Le Barreau justifie cette mesure par la nécessité de « préserver l’image et l’intégrité de la profession » et rappelle que l’avocat « doit demeurer dans le cadre légal qui relève de sa compétence », estimant que toute prise de position publique hors de ce champ « constitue une violation des traditions de la profession ».
Le cadre constitutionnel : deux lectures opposées
Pour le juriste Habib Achi, cette directive s’apparente toutefois à « une mesure de censure déguisée ». La Constitution algérienne, souligne-t-il, « consacre la liberté d’opinion et d’expression sans prévoir de contrôle préalable ». Conditionner la parole des avocats à l’aval du bâtonnier reviendrait, selon lui, « à instaurer une validation administrative interne contraire à l’esprit même de la Constitution ».
Là où le Barreau invoque un strict devoir de réserve, Achi voit une restriction injustifiée : « L’éthique professionnelle impose déjà des limites claires. Ajouter une autorisation obligatoire, c’est franchir la ligne entre régulation et censure. »
Le rôle des avocats dans le débat public
Le Barreau insiste sur la nécessité d’éviter toute « exploitation de la qualité professionnelle à des fins personnelles ou non professionnelles ». Mais pour Achi, les avocats sont au contraire des acteurs incontournables du débat citoyen. « Par leur connaissance du droit et des institutions, ils éclairent l’opinion sur les réformes législatives, les libertés fondamentales et l’État de droit.
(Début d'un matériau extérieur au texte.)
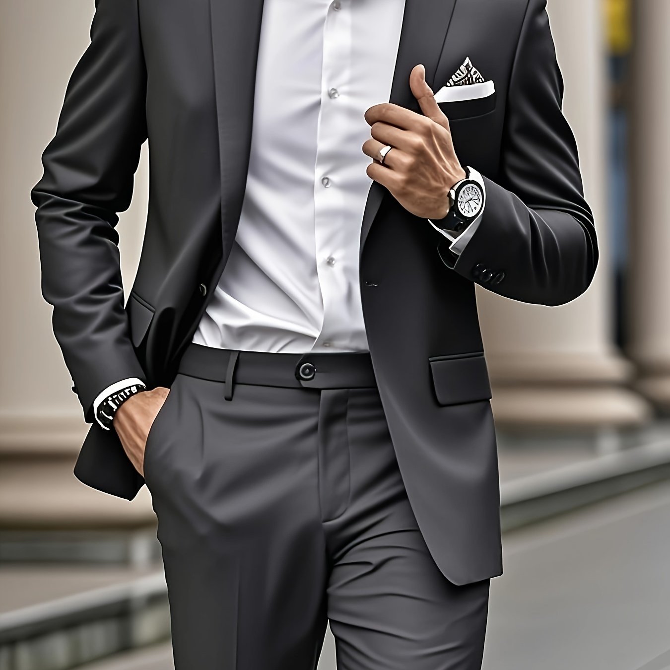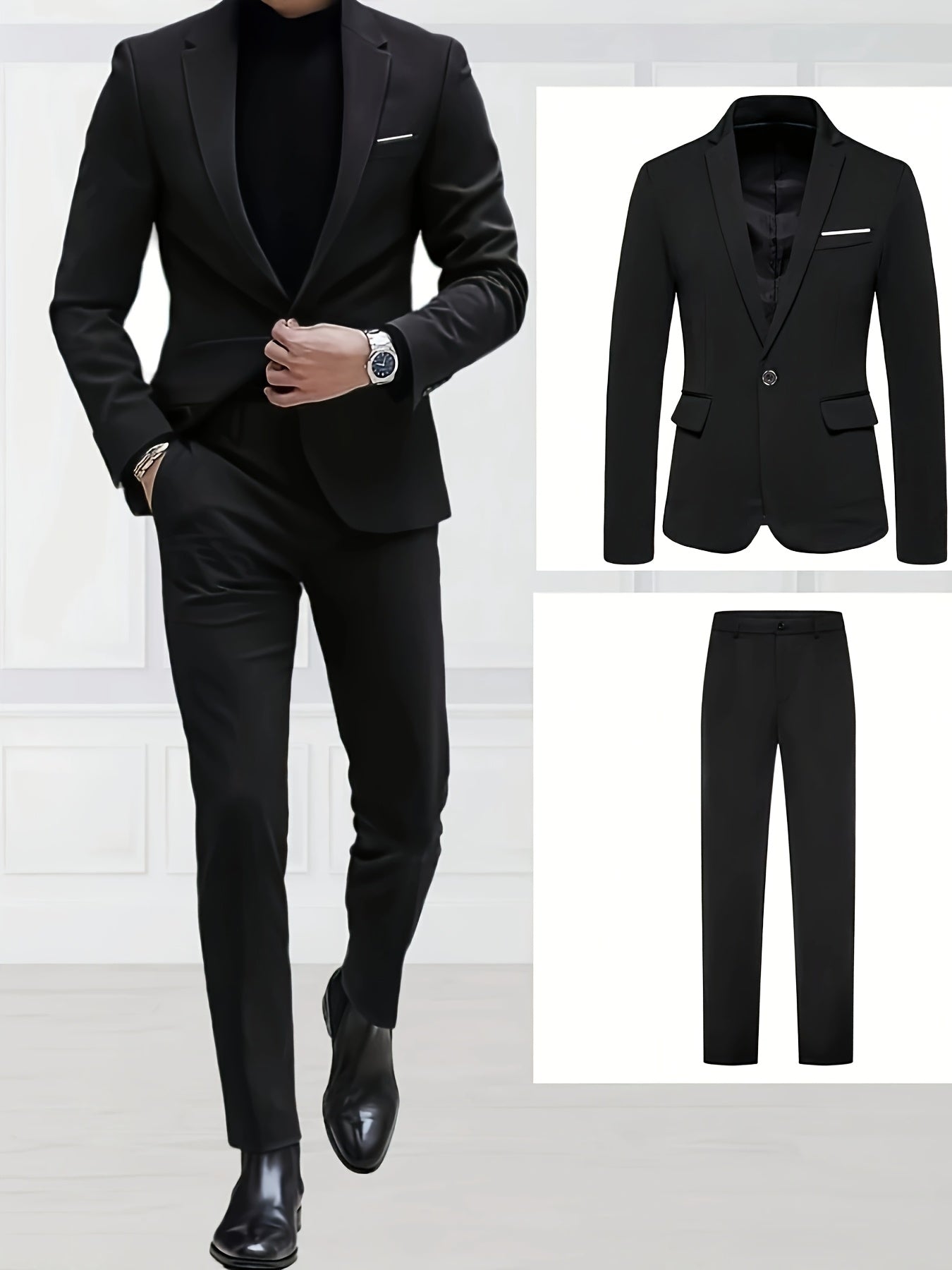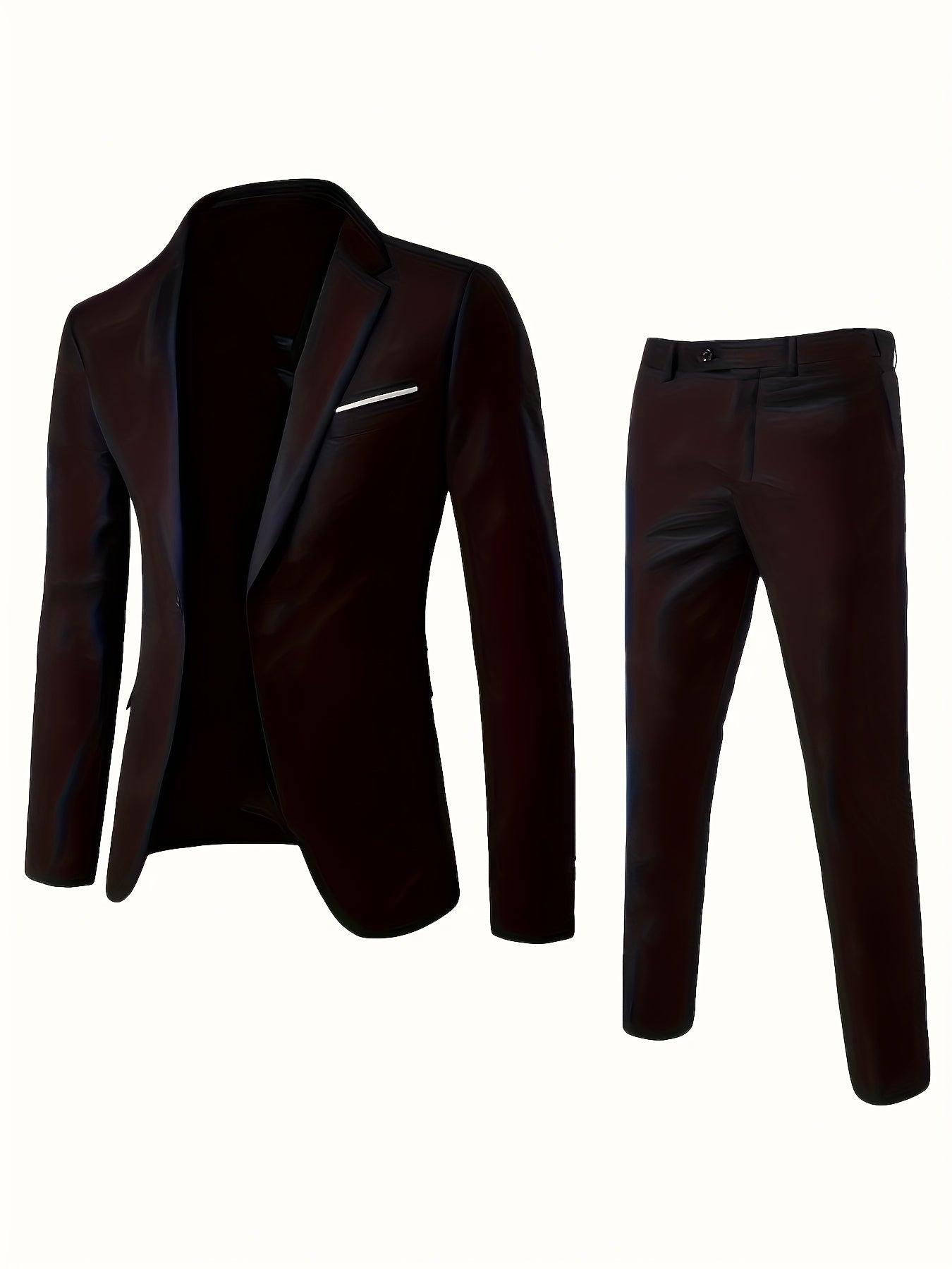 Stylish Men's 2pcs Suit Set - Jacket and Trousers for Formal Events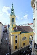 Dieser frühklassizistische Sakralbau wurde 1783/84 von Gottlieb Nigelli anstelle des Wirtschaftshofes des Königinklosters erbaut. Die neobarocke Turmfassade mit toskanischen Pilastern und Segmentgiebel über der Portalachse stammt von Ignaz Sowinski aus dem Jahr 1887. Im Inneren ist die Kirche von straßenseitigen Gängen ummantelt und überkuppelt, er weist seitliche Emporien und im Osten eine Apsis auf. Die Kanzel und der Abendmahltisch sind bedeutende Beispiele frühklassizistischer Ausstattung. | BDA-Hist.: Q875758 Status: § 2a Stand der BDA-Liste: 2024-06-15 Name: Evang.-reformierte Stadtkirche H.B. mit Pfarrhaus GstNr.: 1164, 1165 Reformed City Church, Vienna |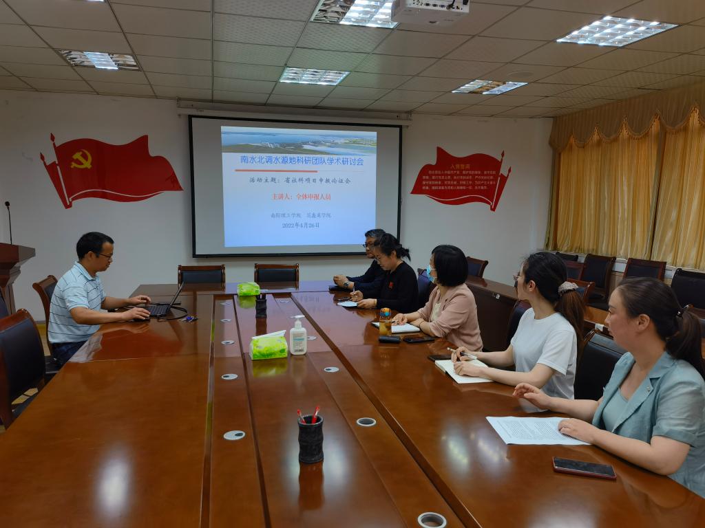 南水北调科研团队4月26日18:00在1331会议室举行了科研团队学术活动。南水北调科研团队由朱九龙主持,针对《2022河南省社会科学规划项目申报》的主题进行了深入研讨。

Les priver de ce rôle, c’est priver la société d’une expertise critique », analyse-t-il.
Il rappelle que leurs spécialisations – sociales, économiques, pénales ou liées aux droits humains – enrichissent le débat public et servent l’intérêt général. « Dans une société en pleine mutation, leur parole est un levier de transparence, pas une menace pour la profession », ajoute-t-il.
Entre discipline et liberté
Le Barreau d’Alger affirme vouloir protéger l’image de l’avocat et l’éthique du métier. Mais Habib Achi met en garde contre une dérive : « C’est au public et aux institutions démocratiques de juger la pertinence des interventions des avocats, pas à l’Ordre de les filtrer. »
En plaçant la déontologie au-dessus de la liberté d’expression, conclut-il, « cette circulaire risque de transformer un devoir de réserve légitime en un instrument de contrôle, contraire aux principes constitutionnels que les avocats sont précisément chargés de défendre ».